RECORDED INFORMATION>
=== Begin Enclosure ===

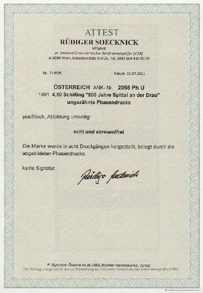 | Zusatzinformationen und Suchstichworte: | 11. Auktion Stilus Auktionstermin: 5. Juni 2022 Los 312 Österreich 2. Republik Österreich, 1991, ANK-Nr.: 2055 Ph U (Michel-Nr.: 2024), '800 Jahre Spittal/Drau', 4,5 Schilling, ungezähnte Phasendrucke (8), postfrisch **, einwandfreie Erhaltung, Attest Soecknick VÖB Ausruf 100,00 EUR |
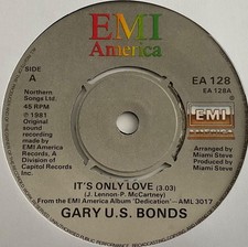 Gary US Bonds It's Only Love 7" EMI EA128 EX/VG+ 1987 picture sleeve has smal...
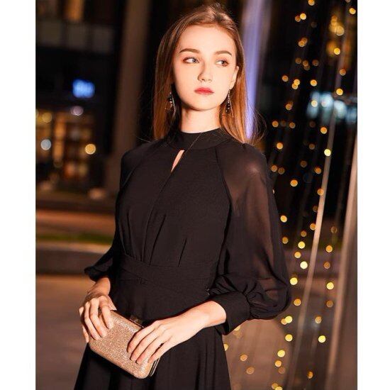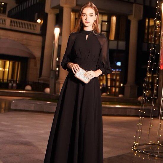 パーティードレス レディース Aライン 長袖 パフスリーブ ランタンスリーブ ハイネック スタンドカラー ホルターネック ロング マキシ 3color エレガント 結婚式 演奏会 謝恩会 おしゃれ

=== End Enclosure ===

WHAT YOU ARE ASKED TO DO> Nothing but the text of the listing should be set down, exactly, with the pictures left behind.

WORKED SOLUTION>
 | Zusatzinformationen und Suchstichworte: | 11. Auktion Stilus Auktionstermin: 5. Juni 2022 Los 312 Österreich 2. Republik Österreich, 1991, ANK-Nr.: 2055 Ph U (Michel-Nr.: 2024), '800 Jahre Spittal/Drau', 4,5 Schilling, ungezähnte Phasendrucke (8), postfrisch **, einwandfreie Erhaltung, Attest Soecknick VÖB Ausruf 100,00 EUR |
 Gary US Bonds It's Only Love 7" EMI EA128 EX/VG+ 1987 picture sleeve has smal...
 パーティードレス レディース Aライン 長袖 パフスリーブ ランタンスリーブ ハイネック スタンドカラー ホルターネック ロング マキシ 3color エレガント 結婚式 演奏会 謝恩会 おしゃれ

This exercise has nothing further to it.